Perpetrator Studies Network

Mirroring Evil Revisited

Mirroring Evil Revisited took place at Utrecht University on March 22-24, 2018.

Description:

The controversial and groundbreaking exhibition Mirroring Evil, which opened at the Jewish Museum in New York City in 2002, brought together a range of contemporary artworks revolving around Nazi imagery. The exhibition departed from earlier artistic events about the Holocaust in its focus on representations of perpetrators, and showcased a new generation of artists whose relation to Nazi crimes was primarily shaped through mass media and popular culture. Mirroring Evil has become key reference points for art history, Holocaust studies, museum education, and, more recently, the emerging field of perpetrator studies, and brought to the fore major questions which are still debated today: What role does art play vis-à-vis the memory of the Holocaust and other stories of extreme violence? How do museums curate “difficult knowledge”? How can we teach about perpetrators through visual and artistic media? How do artistic exhibitions interact with other social spaces and practices of Holocaust remembrance? Our workshop, “Mirroring Evil Revisited,” not only reflected on the legacy and relevance of the exhibition for today, it also opened up the discussion to include other traumatic legacies and contemporary issues.

The ethical issues of empathy, voyeurism, fascination and commodification raised in Mirroring Evil resonated strongly after 9/11 and the resulting “war on terror” at home and abroad. In the workshop and its follow-up projects we want to address these issues anew in the context of the current refugee crisis, the radicalization of society, and the worrisome “un-democratization” happening in parts of the Western world. Concepts such as evil, ordinariness, and banality, but also issues such as free speech and education need to be critically revisited taking into account our transformed relation to mass media, images, and the pervasive visual representation of extreme violence, due to advanced technologies of communication and the rise of participatory forms of activism and citizenship. Holocaust education is only slowly picking up on these developments. While there is substantial work on Holocaust education and Holocaust art respectively, there is comparatively little work exploring the connections between the two. These are precisely these connections we want to investigate further. Moreover, we want to go beyond the historical and geographic scope of the original exhibition by considering representations of other genocides and acts of mass violence.

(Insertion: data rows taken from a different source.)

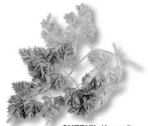
CHERVIL (Annual) Varieties for Gardens: Vertissimo
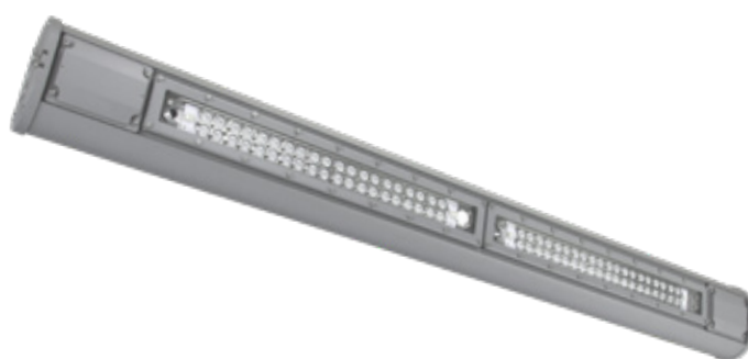
Zone 1, 21 LED Hazardous Area Floodlight
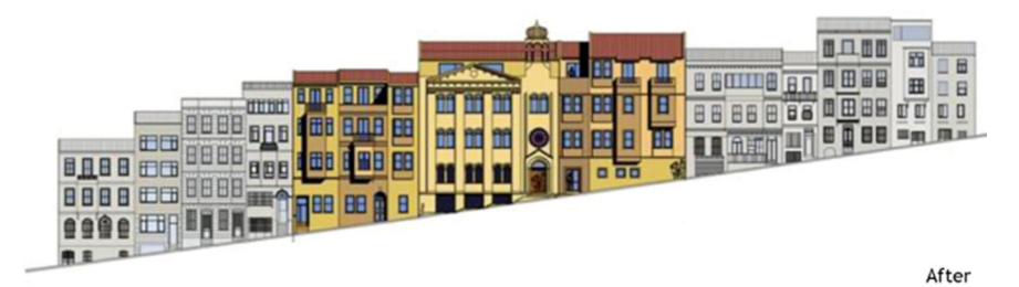
Figure 3: Tarlabaşı project drawings.
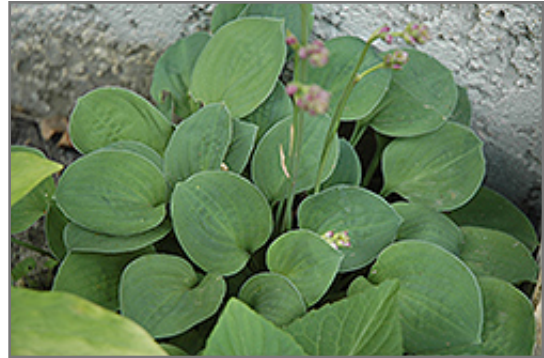
Baby Bunting Hosta foliage
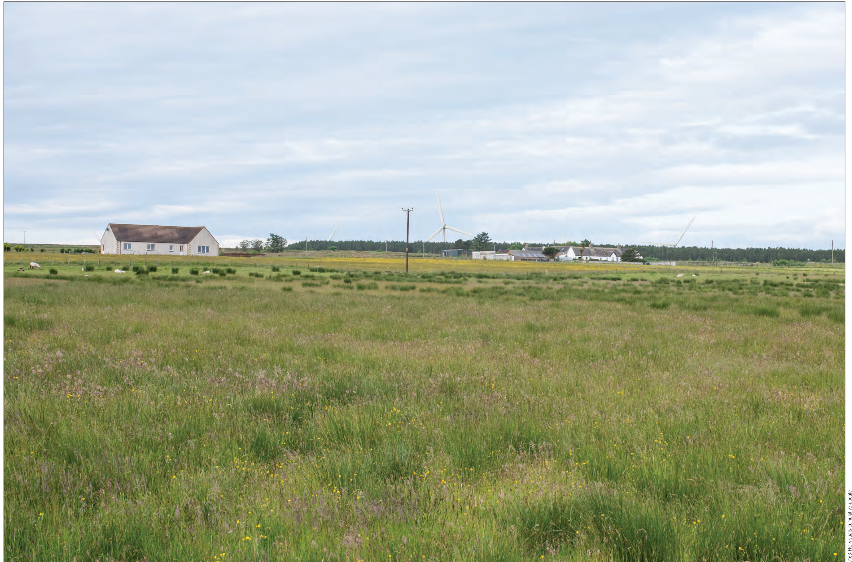
Figure: 7.37-THC-04-CU Viewpoint 24: Upper Gills

This image should be viewed at a comfortable arm's length (Approx. 500 mm)
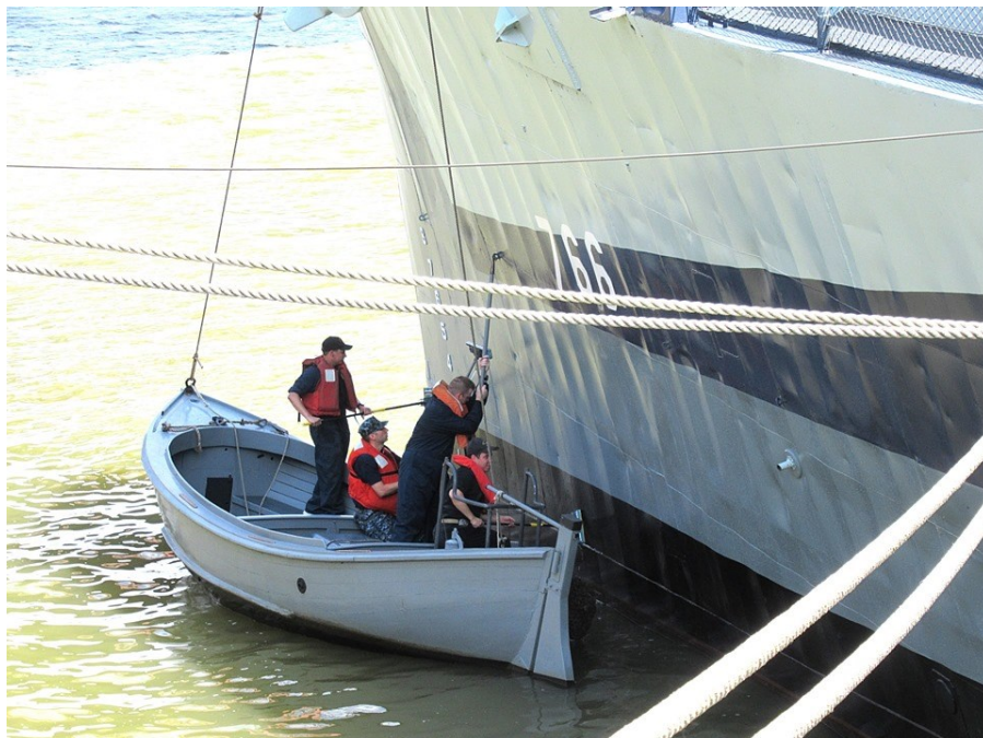
Navy CPO Selects engaged in side cleaning.

the DESA Convention will be in town. We're also looking forward to our Fall Work Week. Library presentations will include the Poughkeepsie Library at 1030 on the 14 th , and the Clifton Park-Halfmoon Library at 1030 on the 20 th . Then both the Ballston Community Library and the Watervliet Library will offer presentations at 1830 on the 24 th .
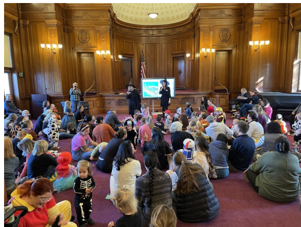
Storytime at the annual Halloween parade.

October wouldn't be complete in Youth Services without a few special events celebrating Halloween! Teens enjoyed a Halloween makeup workshop
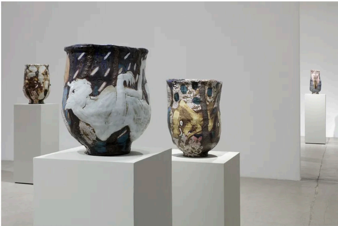
Karin Gulbran, Splendor in the Grass (installation view) (2015).

Karin Gulbran: Splendor in the Grass runs November 7—December 19, 2015 at China Art Objects Galleries (6086 Comey Avenue, Los Angeles, CA 90034).
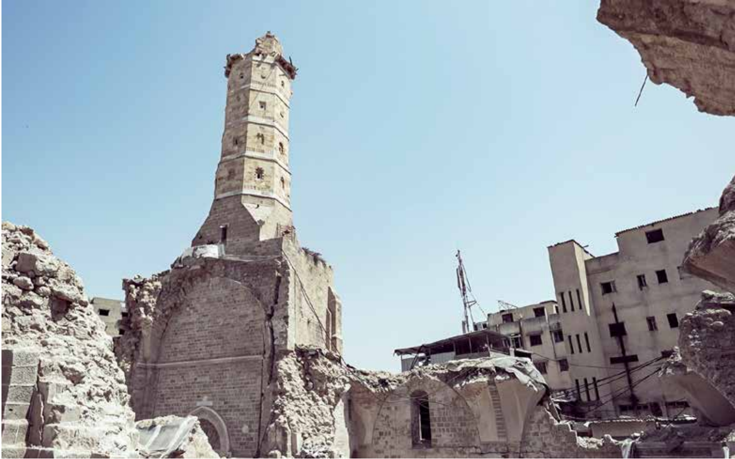
• The damage to Al-Omari Mosque in Gaza City.

“ The Omari Mosque is not just a place of worship; it is part of Gaza’s long history of learning, culture, and faith. It was a central gathering point for Gazans, especially during Ramadan nights, when it would be filled with worshippers. We also held ceremonies there to praise the Prophet Muhammad and dhikr sessions. Now, with the mosque destroyed, we are deprived of our spiritual and cultural practices. This loss is not just physical; it is a deep spiritual wound for our community.”
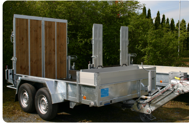
Minitrailer with section in front, closed loading ramp with wooden surface
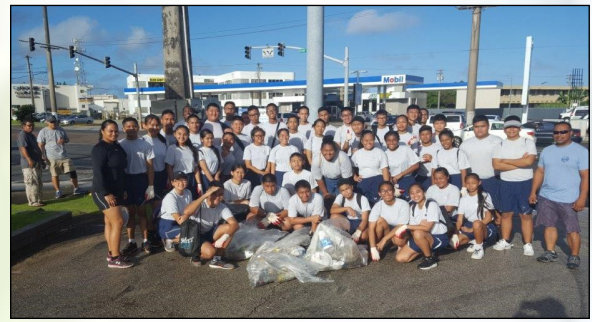
GEO staff/JFK ROTC—Islandwide cleanup
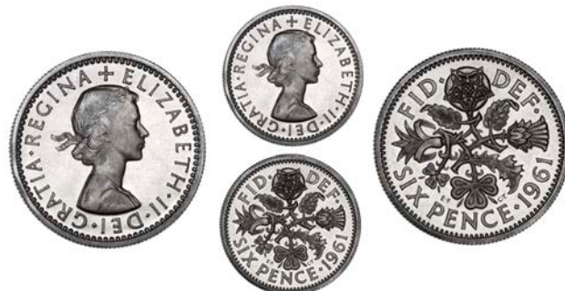
1521 1961 Proof , edge grained, 2.81g/12h (Davies 2459P; ESC p.168 footnote; KM. 903). Brilliant, very rare £200-250
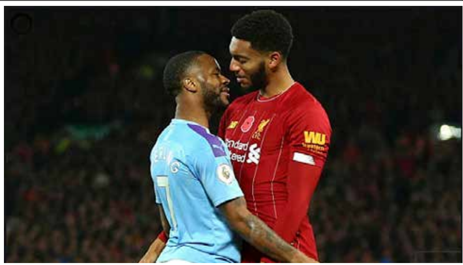
FLASHPOINT: Sterling and Gomez go nose to nose in Sunday's Premiership clash
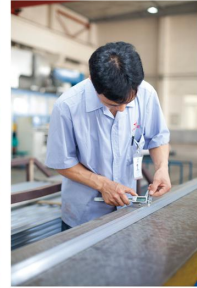
检测型材 Testing profiles
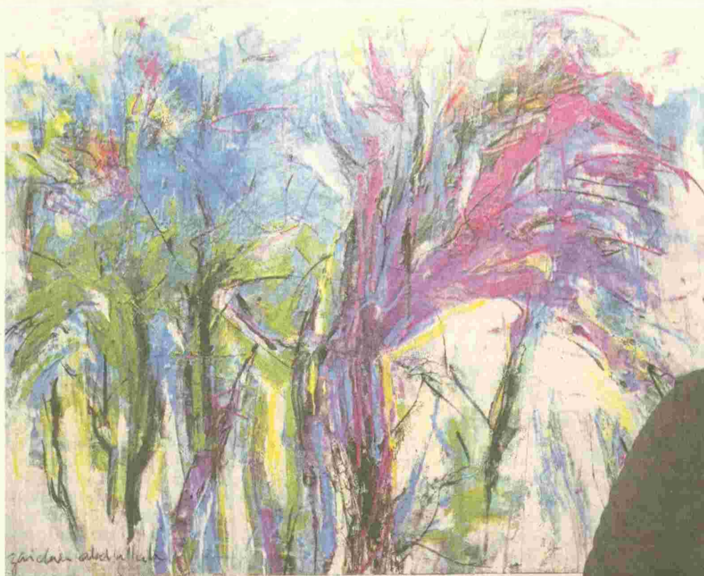
Kala Rimbun IV
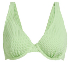
Lime Bubble Texture Wired Bikini Top £16

This includes not only iconic images of perpetrators of the genocides in Rwanda, Cambodia, Yugoslavia, Indonesia, etc., as well as, of course, artworks about totalitarian dictators more generally, but also representations of international terrorism, drone warfare, and potential war crimes perpetrated by Western democratic perpetrators.

A guiding principle behind the project is a commitment to interdisciplinarity and “multidirectionality,” i.e. we take a comparative approach, exploring how certain modes of representation of perpetrators travel across national, cultural, and historical boundaries. This includes the re-importation of non-Holocaust iconography into the representation of Nazi perpetrators.